_TRY IT_.
Once the line with "of Berlin, Germany" is found, write it out along with each later line exactly, through the end of the entries, skipping every picture.

++++

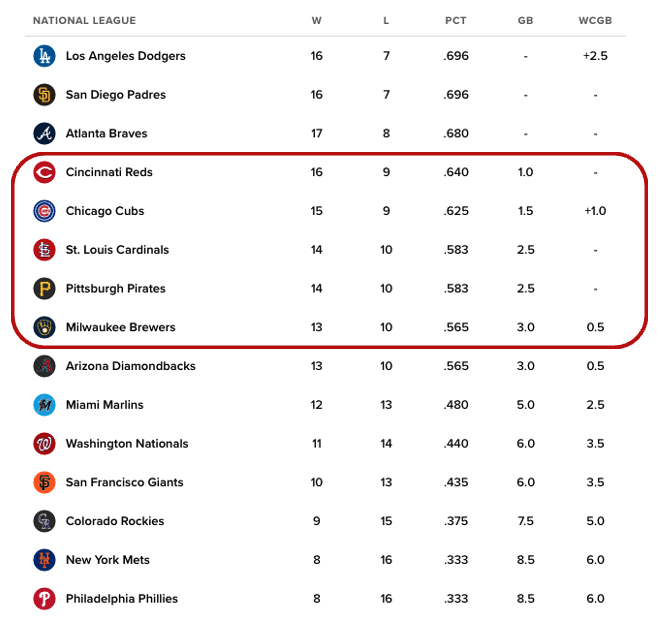 Actuellement, les 4e, 5e, 6e, 7e et 8e meilleurs records de la NL ne sont que les équipes centrales de la NL dans l’ordre.
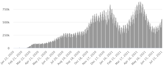 Vaccination: 336.6 million doses of vaccine injected since December 14, 2020, the date of the first injection in the United States (550,000 doses injected, in 24 hours). Update July 16, 2021 (latest available data). DOMINICAN REPUBLIC: Cases confirmed since March 1, 2020: 336,693 cases (+549 in 24 hours) the day before (+530). First case (1st March 2020) https://www.haitilibre.com/en/news-30165-haiti-flash-first-case-of-covid-19-in-the-dominican-republic.html Healings: 277,978 healings since March 1 (+552 in 24 hours), the day before (+583) National Healing Rate: 82.56% (+) Death: 3,910 deaths (+3 in 24 hours), the day before (+7) Mortality rate: 1.16% (=) Active cases: (excluding death and cures) 54,805 cases (-6 in 24 hours) the day before (-55 in 4 days) Dominican Republic: Number of daily confirmed cases:
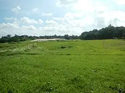 The Muntinlupa Sunken Garden is in the central area of the Poblacion village at the eastern section of the 587-hectare (1,450-acre) prison reservation.[2] It is an open grassland delineated by large canopy trees that serve as a buffer between New Bilibid Prison and the communities in east Poblacion. The roughly 15.8-hectare (39-acre) park borders Jamboree Lake to the north, with the main prison facility and maximum security compound at its southern end. It is bounded by General Paulino Santos Avenue to the south and west, with the main road leading in and out of the prison reservation known as Insular Prison Road, running along the park's northern boundary.
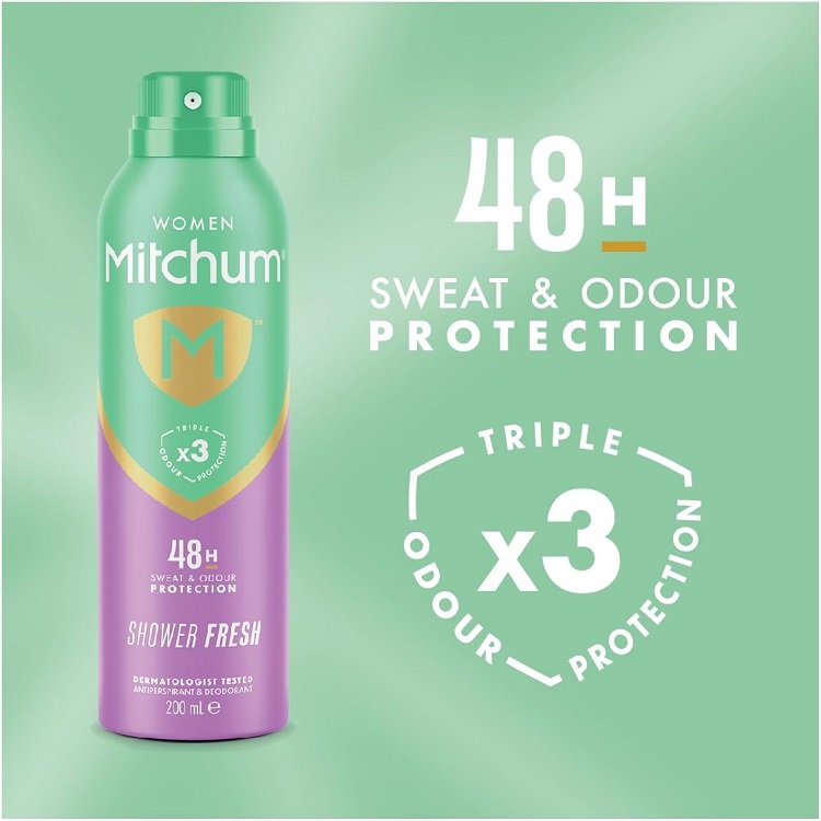 اسپری ضدتعریق میچام شاور فرش Mitchum Shower Fresh محافظت کننده قدرتمند 48 ساعته در برابر تعریق و بوی بد عرق به همراه احساس تمیزی و راحتی پس از دوش گرفتن می باشد. اسپری ضدتعریق میچام دارای تکنولوژی محافظت سه گانه در برابر بوی بد عرق ناشی از گرما، تحرک و استرس است و توسط رایحه تمیز و تازه و فرمول بدون الکل، احساس تمیزی و آسودگی کامل را فراهم می کند.
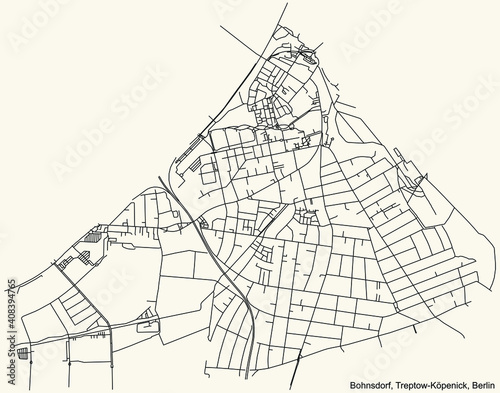 © Momcilo, Naklejka premium Black simple detailed city street roads map plan on vintage beige background of the neighbourhood Bohnsdorf locality of the Treptow-Köpenick of borough of Berlin, Germany
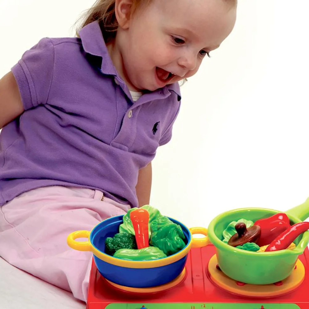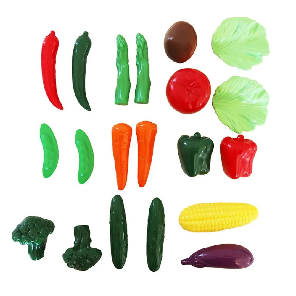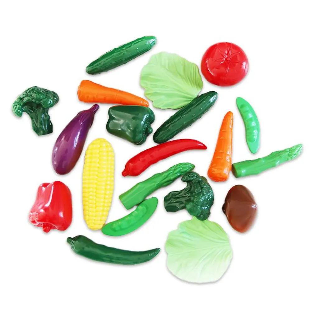 20 blandede legegrøntsager af plast som dit barn måske genkender fra ture i supermarkedet.

++++

_EXPECTED ANSWER_.
 © Momcilo, Naklejka premium Black simple detailed city street roads map plan on vintage beige background of the neighbourhood Bohnsdorf locality of the Treptow-Köpenick of borough of Berlin, Germany
 20 blandede legegrøntsager af plast som dit barn måske genkender fra ture i supermarkedet.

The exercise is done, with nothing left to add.